As a therapist, I believe deeply that it is my duty to create an environment of warmth, understanding, and compassion. I recognise that my clients may be carrying heavy burdens, and that it is my role to offer them temporary solace and respite from the outside world. I strive to be a gentle presence, providing a safe space where they can lower their defences and be truly seen and heard.

In this gentle space, I encourage my clients to explore their emotions at their own pace. I do not rush or push them to confront their pain before they are ready. Instead, I hold space for their vulnerability, allowing them to express themselves without judgment or criticism. I offer a listening ear, a compassionate heart, and a genuine desire to understand their experiences.

In moments of distress, I remind my clients that it is okay, and perhaps even necessary, to be gentle with themselves. I encourage self-compassion and self-care as essential tools for navigating life’s challenges. Together, we explore gentle practices such as mindfulness, relaxation techniques, and self-soothing strategies that can provide comfort and support during difficult times.

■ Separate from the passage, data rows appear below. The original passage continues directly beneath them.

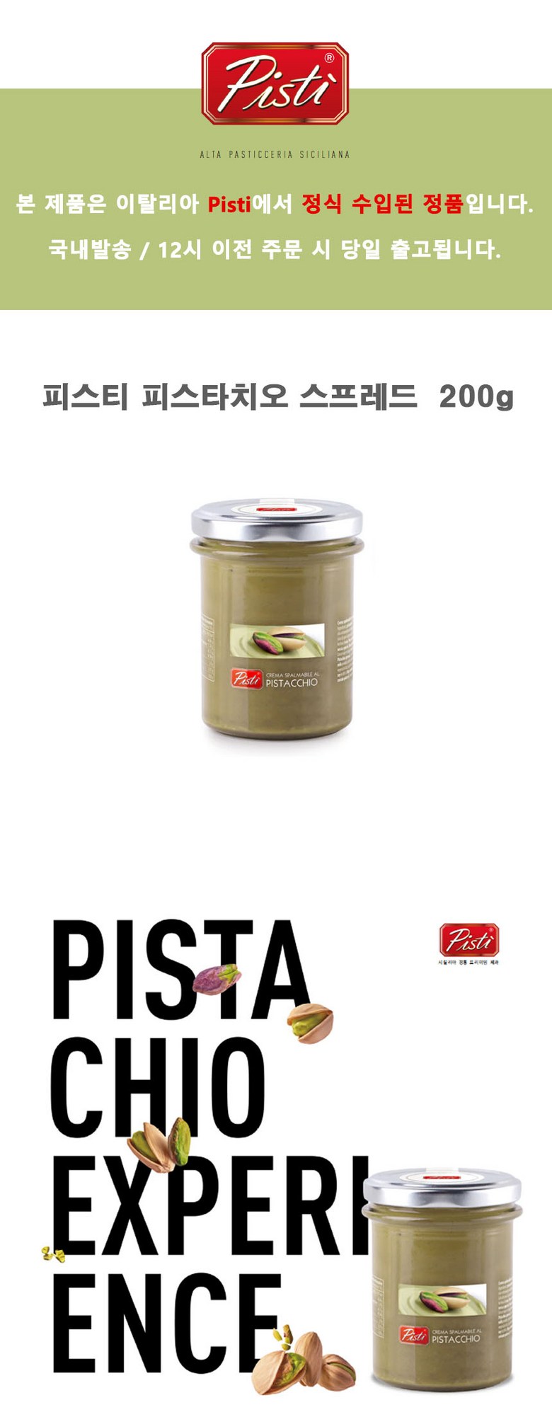 피스티 피스타치오 스프레드 두바이 쫀득쿠키 크림 페이스트 잼 두바이초콜릿 재료 카다이프 마카롱재료 이탈리아 Pisti 카페, 200g, 1개
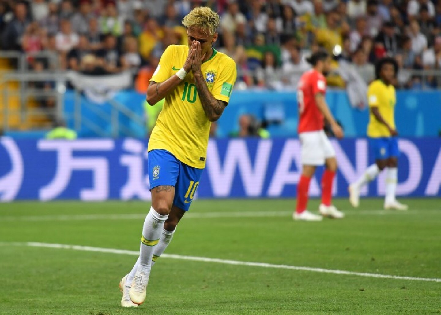 Brazil’s forward Neymar reacts during the Russia 2018 World Cup Group E football match between Brazil and Switzerland at the Rostov Arena in Rostov-On-Don on June 17, 2018. / AFP PHOTO / JOE KLAMAR / RESTRICTED TO EDITORIAL USE - NO MOBILE PUSH ALERTS/DOWNLOADS
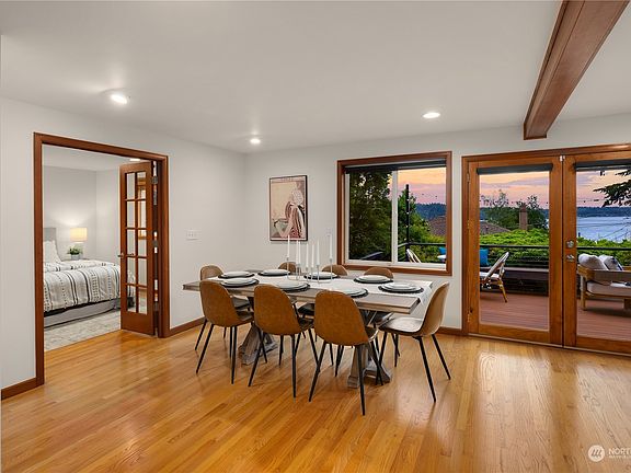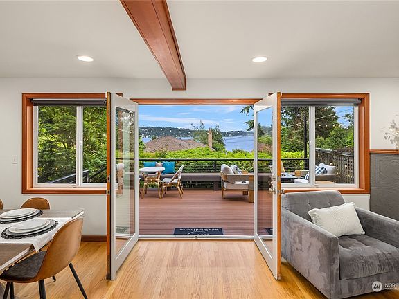 Experience privacy, views, and abundant spaces in this 2009 bespoke Hansen Architecture redesign. Welcome guests through your native PNW garden. Enjoy Lake + Cascade views from the main entertainment floor and especially from the upstairs primary + additional beds. 2bds/2bas on main floor, 3bds+den/2ba laundry upstairs. Basement has a bonus room and legal/permitted 1bd/1ba ADU, with kitchen, seperate laundry, and seperate entrance. Rhododendron-lined Boat/RV parking, fertile vegetable + fruit gardens, artificial lawn, and a 2yr new composite lake-view deck. 2 blocks from the Burke-Gilman Trail, near Matthews Beach Park, with easy commutes to Magnuson, UW, Wedgewood, Northgate, and I5/405. Within View Ridge Swim and Tennis Club boundaries!
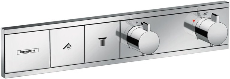 Brand:Hansgrohe Colectia:RainSelect Cod EAN:4059625201350 Tehnologie:Termostatata Numar consumatori:2 Material:Alama sanitara Dimensiuni:456 x 90 mm Culoare:Crom Specificatii:Pentru doi consumatori Folosire concomitenta a mai multor consumatori Butoane Select on/off pentru consumatori Debit maxim la 3 bar: 26 l/min Cartus termostatat Presiune de operare min - max: 1 - 10 bar Oprire de siguranta la 40° C Limitator de temperatura ajustabil Valva anti-retur Tehnologii:16404 21497 Observatii:Atentie! Produsul reprezinta corpul exterior (aparent)! Pentru functionare necesita corp incastrat dedicat - care se achizitioneaza separat (vezi produse recomandate). Garantie:5 ani

Being gentle in therapy also means recognising and respecting each client’s unique journey. I understand that what works for one person may not work for another. I adapt my therapeutic approach to meet the needs and preferences of my clients, honouring their autonomy and empowering them in their healing process.

Through gentle guidance and unconditional support, I aim to instil hope in my clients. Life may be hard, but therapy can be a refuge amidst the storm. It is a place where they can find solace, gain clarity, and develop the strength to face their challenges with resilience and grace.

In the gentle space of therapy, I strive to be a source of comfort and empowerment for my clients. I believe in their inherent worth and their capacity for growth and healing. By offering them a soft place to land, I hope to help them navigate life’s complexities with kindness, understanding, and a renewed sense of hope.

As a therapist, I am privileged to witness the incredible resilience and strength of the human spirit. Every day, I can guide individuals on their unique journey towards healing and self-discovery. One such client who stands out in my mind is a past client, Emily.

The Use of Compassion and Kindness in Therapy

When Emily first entered my office, I could sense the weight she carried on her shoulders. Her eyes held a mixture of pain, fear, longing for relief, and a need to understand and be understood. It was clear that she had been through significant hardships and was in desperate need of support.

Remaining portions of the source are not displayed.